Introducing Ralph Young
Professor Ralph Young has been a lot of things in his life, including a teacher, author, protester and historian. Nowadays, due to his relentless study of the history of dissent in America, of which he teaches a class of the same name, media outlets have been calling him to get a historical perspective on the Occupy movement. Young, who also takes interest in protest music, has hosted teach-ins every Friday since 2002.
The Temple News sat down with Young to discuss his contributions in the classroom and in the historical society.
The Temple News: What was the inspiration to start your “Dissent In America” teach-ins? Have there been good turn outs for them during the years?
Ralph Young: They grew out of my first Dissent in America class in September 2002, when students consistently stayed after class to discuss the present-day ramifications of the historical protests we were studying. The students decided once the course was over that we should continue the discussions on a weekly basis. The turnout over the years has been consistently good. Sometimes, depending on the topic, turnout has only been 15-20 people. But many teach-ins have had as many as 100 people in attendance. One, once, led by [Judge John Jones] who presided over the Dover, Pa. “intelligent design vs evolution” trial was attended by close to 300 people. We had to move to the large lecture hall in Anderson to accommodate everyone. That was the largest turnout we’ve ever had. I’d say the average turnout over the years has been about 40 people, which I think is pretty remarkable considering that the teach-ins are held on Fridays during the late afternoon hours. The biggest news story of the past year that got the biggest turnout was the Feb. 11 teach-in on Egypt that just happened to take place the same day that [former Egyptian President Hosni] Mubarak resigned.
TTN: Do you have a favorite protest singer or singers?
RY: I’ve always been interested in protest music and I have many favorites, such as Bob Dylan, Phil Ochs, Pete Seeger and many others. I have studied the history of protest music and often spend some time teaching it in classes.
TTN: Why do you think you have been repeatedly called upon to speak about the Occupy movement?
RY: Because it’s my field of historical research, and teaching, and because of my book [“Dissent in America: Voices That Shaped a Nation”] and my [Dissent in America] course. And maybe even because the teach-ins have received some media attention. What the press is mostly interested in when they contact me is for me to give them some historical background, to place the protests in historical context.
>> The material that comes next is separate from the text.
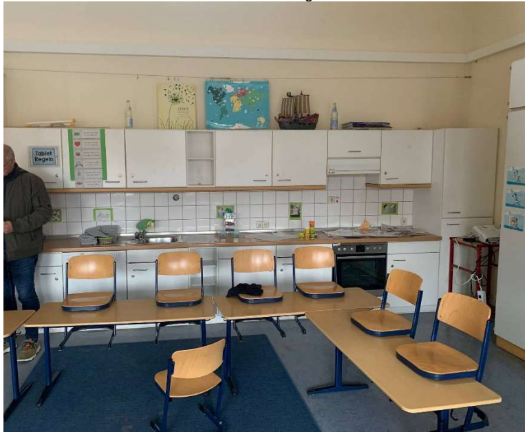
21. Küche im Raum 116.2.1.007/008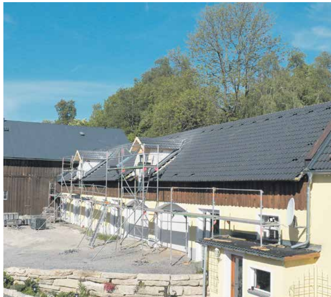
Sonderpreis, Kategorie Objekte, für die Firma Power-Profi, Münchberg: Energiemodernisierung und Sanierung eines Gutshofs .

And of course the Occupy Movement is part of a long historical tradition of dissent in the United States.
TTN: Do you think the media is portraying the movement accurately and fairly?
RY: It’s mixed. At first it was not terribly accurate and just like most media coverage of protest movements over the years–for example, women’s suffrage, union organization attempts, the civil rights movement, the anti-Vietnam War protests–it was pretty negative. It mostly came out snide, snarky and belittling. But I think some news coverage, especially the more reputable media outlets, has recently become more accurate and balanced.
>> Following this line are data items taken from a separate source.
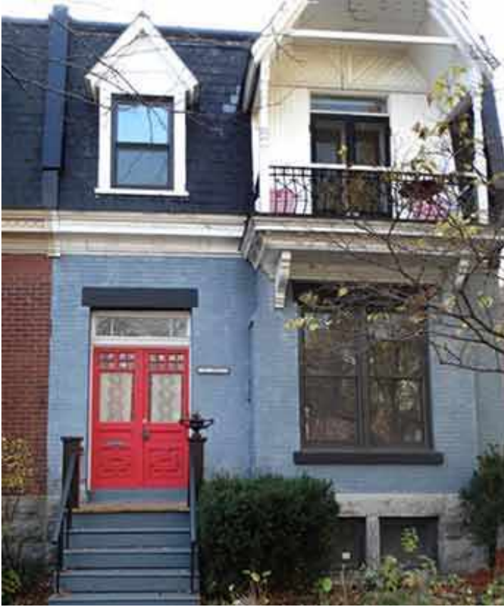
120, avenue Abbott

Pour ajouter encore à la confusion, les images de l'ancienne station Abbott sont référencées de manière incohérente avec celles de la station Victoria, agrandie à deux reprises dans les années 1920 et apparaissant sous différentes formes selon la période.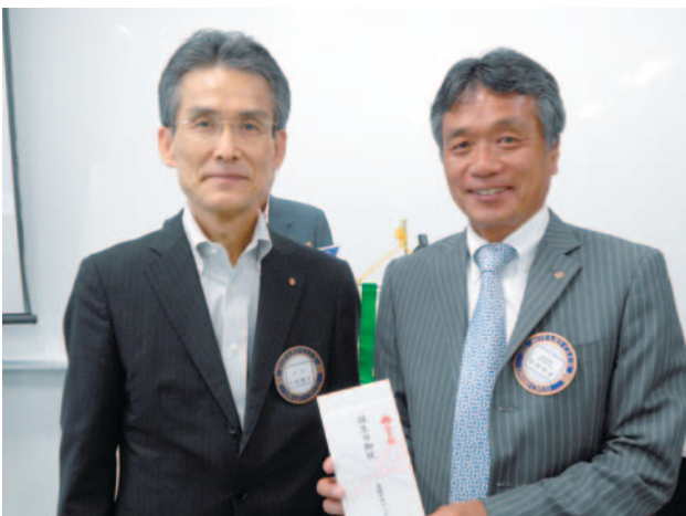
ご夫人お祝い 松岡君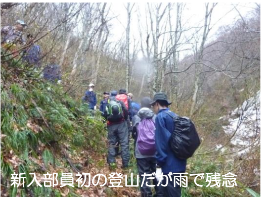
新入部員初の登山だが雨で残念

TTN: What were your thoughts on the mass walkout on Main Campus last week?
RY: I thought it reflected how tuned-in Temple students are to the controversial political, economic and social issues of today.
TTN: In comparison with other mass movements through time, where do you see Occupy Wall Street stacking up?
RY: It’s still in its infancy. It could grow immeasurably or it could peter out. It reminds me of other economic protests, such as Coxey’s Army in 1894 that marched on Washington and the 1932 Bonus March. It also has a grassroots quality to it like the early civil rights movement.
TTN: Do you see the students that you teach in “Dissent In America” as really interested and invested in what you teach?
RY: Yes I do. I think Temple students, or at least the ones I’ve met, are very dedicated to their education and the issues of our times and the American tradition of protest, especially in the last several years. Besides, 19, 20 and 21-year-olds are natural dissenters anyway and they’re very concerned with their place in the world they’re inheriting.